▶ About this exercise:
Omit the images. Reproduce each line of the records exactly as it appears.

==== Source records ====

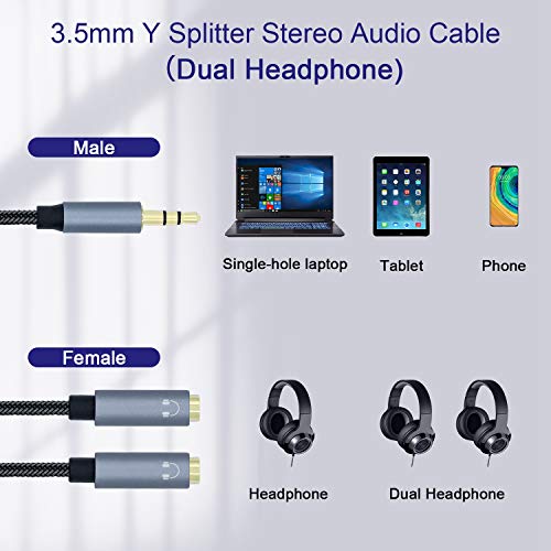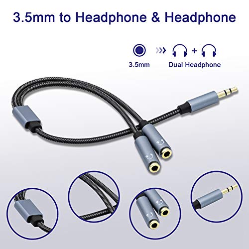 - 3.5mm Dual Headphone Jack Splitter Cable: Allow dual headphones/speakers connected to most devices with 3.5mm auxiliary port (AUX), like MP3 player, smartphone, tablet, computer etc. Great solution to share cool music, movies and games with your families and friends.
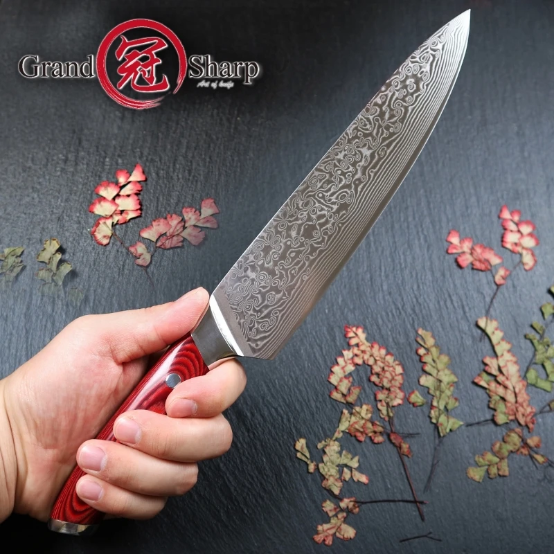 Special Offer GRANDSHARP 67 Layers Giapponese di Damasco Della Lama di Damasco Chef Coltello 8 Pollici VG 10 Lama di Damasco Coltello Da Cucina Manico Pakka PRO Discount 50% Today!
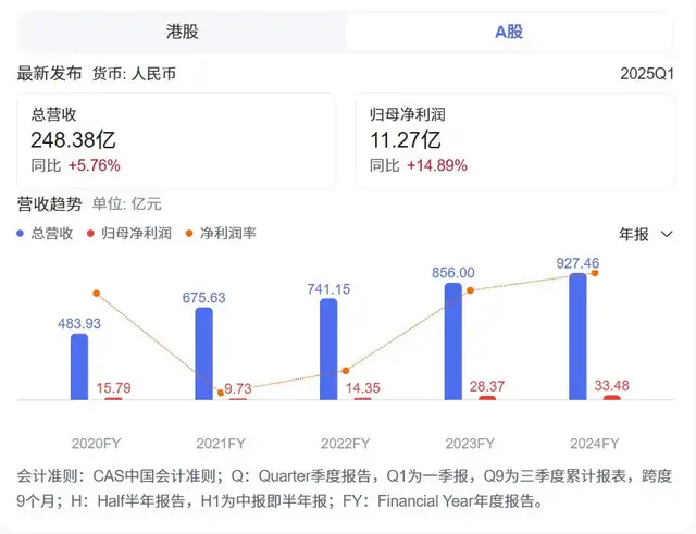 根据财报披露的数据,2024年全年期间,海信实现营业收入达927.46亿元,与上一年度相比实现了8.35%的增长;归属于母公司股东的净利润为33.48亿元,同比增幅达到17.99%。
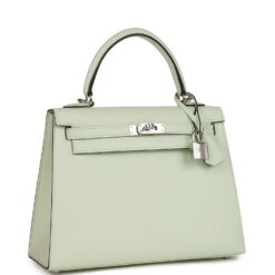 Hermès Special Order (HSS) Kelly Sellier 25 Bleu Brume and Bleu Glacier Epsom Brushed Gold Hardware
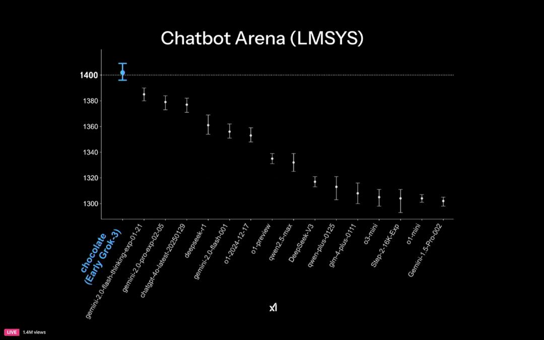 此外,在 Chatbot Arena 评估中,Grok-3 的得分达到了 1400 分,同样超过了 Gemini 系列和 chatgpt-4o 和 DeepSeek-R1。
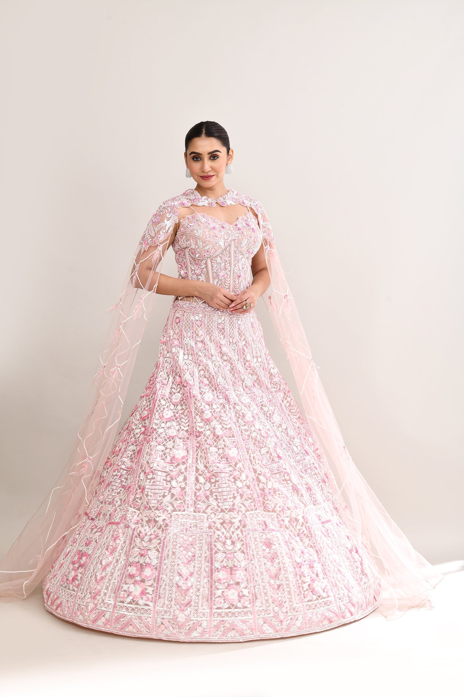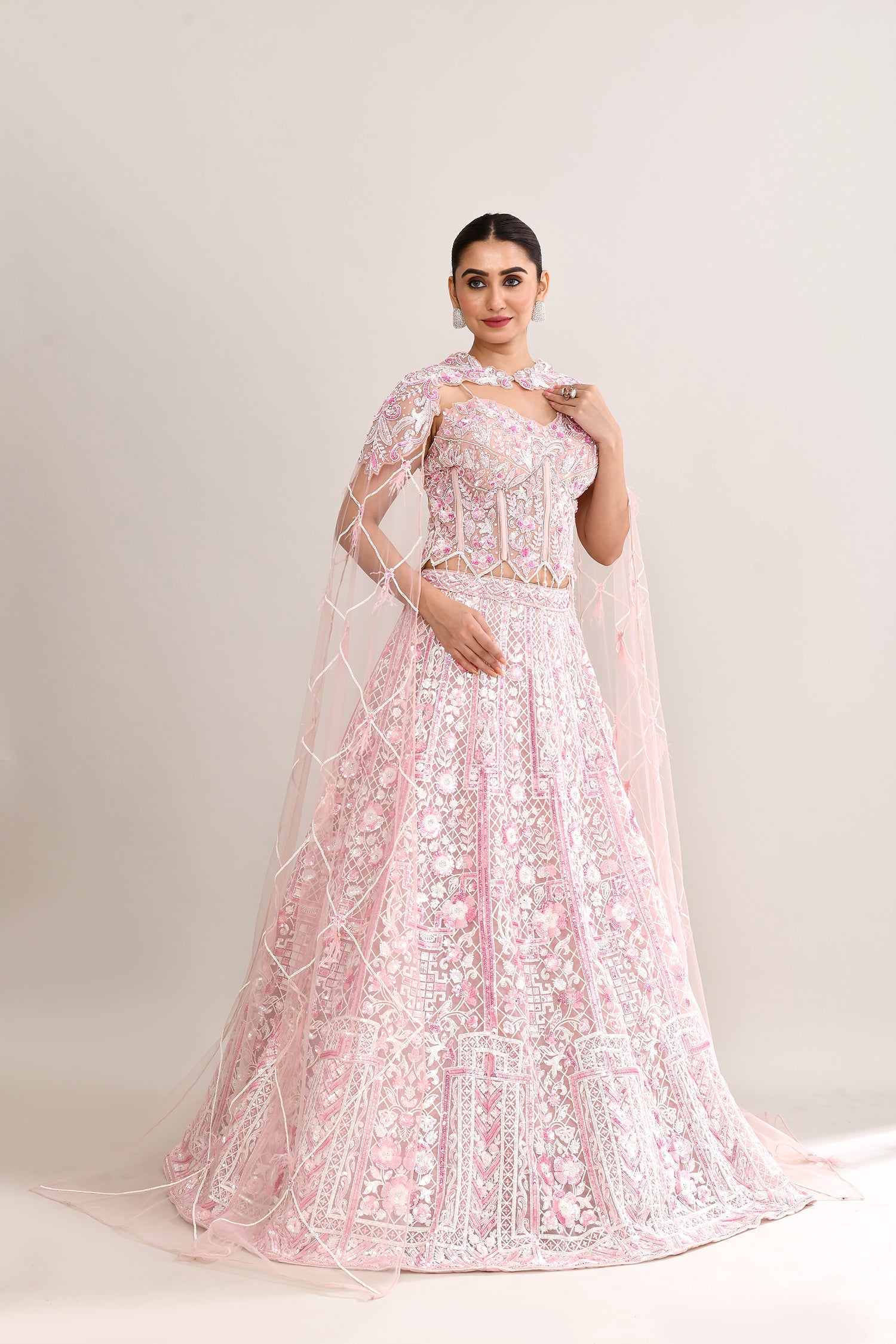 The soft pink net lehenga set with hand embroidered pearl and sequin work along with a choker cape style dupatta for a gorgeous look with elegance.
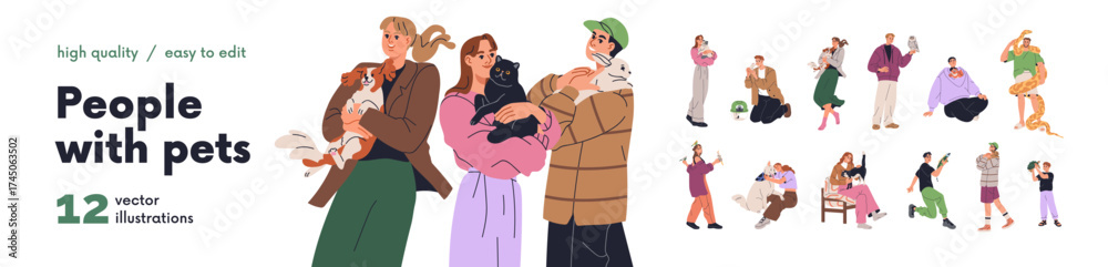 Obraz na płótnie Canvas - Happy people with different pets set. Home animal owners holding and caring for dog, cat, parrot, hamster, turtle, exotic iguana, boa snake, owl. Flat vector illustration isolated on white background.
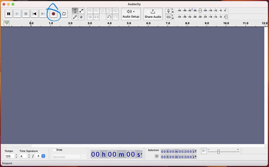 Audacity has been installed on your Macbook. You can find it in the Applications folder. Open the app and click the "record" icon.
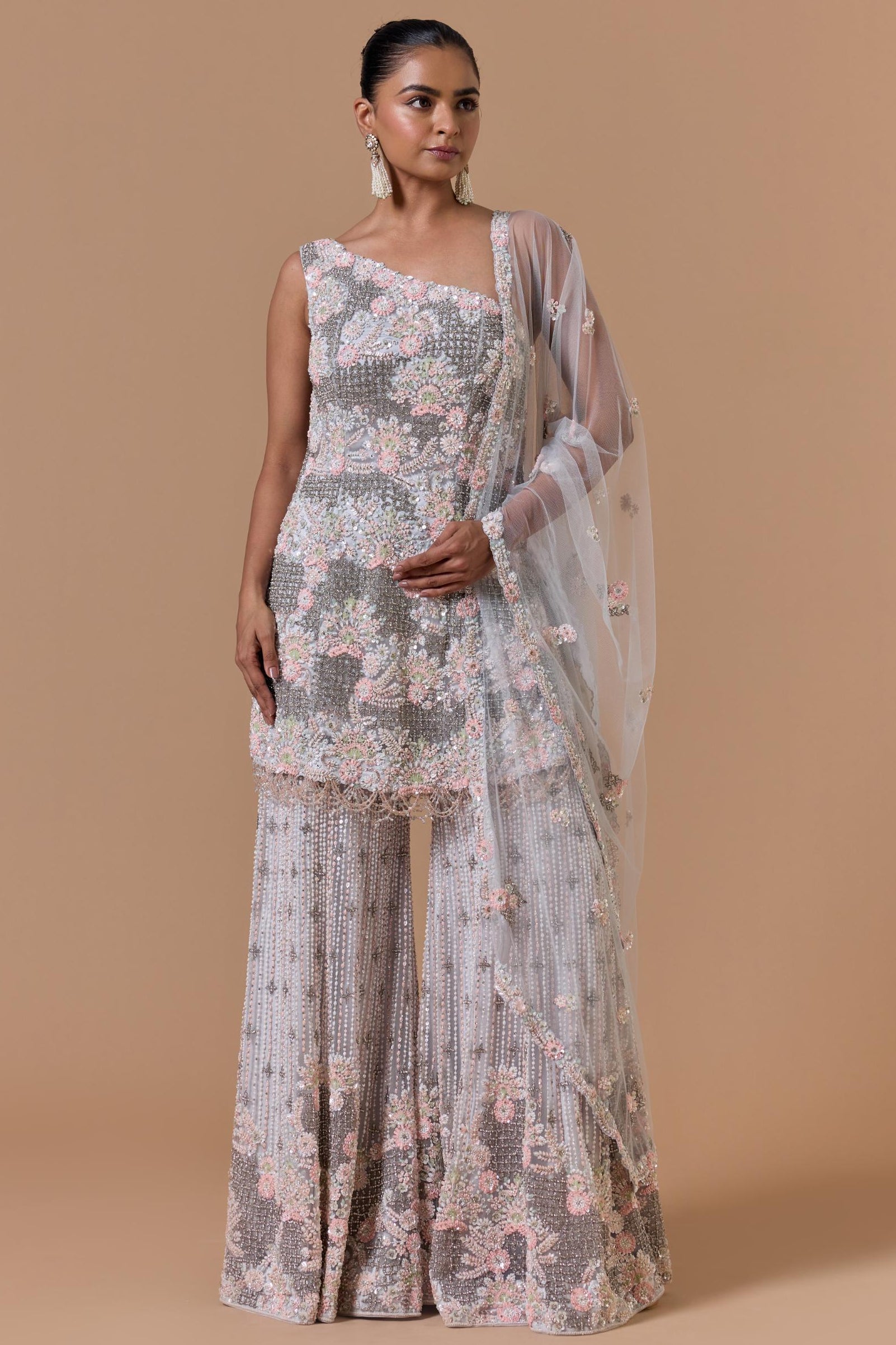 Elegant and contemporary, this sharara set blends sculpted design with fluid movement. Lightweight pants keep the sharara set comfortable for dancing and celebrations. The dramatic neckline elevates the sharara set, making it ideal for sangeets. Paired with statement earrings, this sharara set shines beautifully. Festive and chic, this sharara set flatters every silhouette. A modern ensemble, this sharara set suits vibrant celebrations.

====

▶ Response area:
 - 3.5mm Dual Headphone Jack Splitter Cable: Allow dual headphones/speakers connected to most devices with 3.5mm auxiliary port (AUX), like MP3 player, smartphone, tablet, computer etc. Great solution to share cool music, movies and games with your families and friends.
 Special Offer GRANDSHARP 67 Layers Giapponese di Damasco Della Lama di Damasco Chef Coltello 8 Pollici VG 10 Lama di Damasco Coltello Da Cucina Manico Pakka PRO Discount 50% Today!
 根据财报披露的数据,2024年全年期间,海信实现营业收入达927.46亿元,与上一年度相比实现了8.35%的增长;归属于母公司股东的净利润为33.48亿元,同比增幅达到17.99%。
 Hermès Special Order (HSS) Kelly Sellier 25 Bleu Brume and Bleu Glacier Epsom Brushed Gold Hardware
 此外,在 Chatbot Arena 评估中,Grok-3 的得分达到了 1400 分,同样超过了 Gemini 系列和 chatgpt-4o 和 DeepSeek-R1。
 The soft pink net lehenga set with hand embroidered pearl and sequin work along with a choker cape style dupatta for a gorgeous look with elegance.
 Obraz na płótnie Canvas - Happy people with different pets set. Home animal owners holding and caring for dog, cat, parrot, hamster, turtle, exotic iguana, boa snake, owl. Flat vector illustration isolated on white background.
 Audacity has been installed on your Macbook. You can find it in the Applications folder. Open the app and click the "record" icon.
 Elegant and contemporary, this sharara set blends sculpted design with fluid movement. Lightweight pants keep the sharara set comfortable for dancing and celebrations. The dramatic neckline elevates the sharara set, making it ideal for sangeets. Paired with statement earrings, this sharara set shines beautifully. Festive and chic, this sharara set flatters every silhouette. A modern ensemble, this sharara set suits vibrant celebrations.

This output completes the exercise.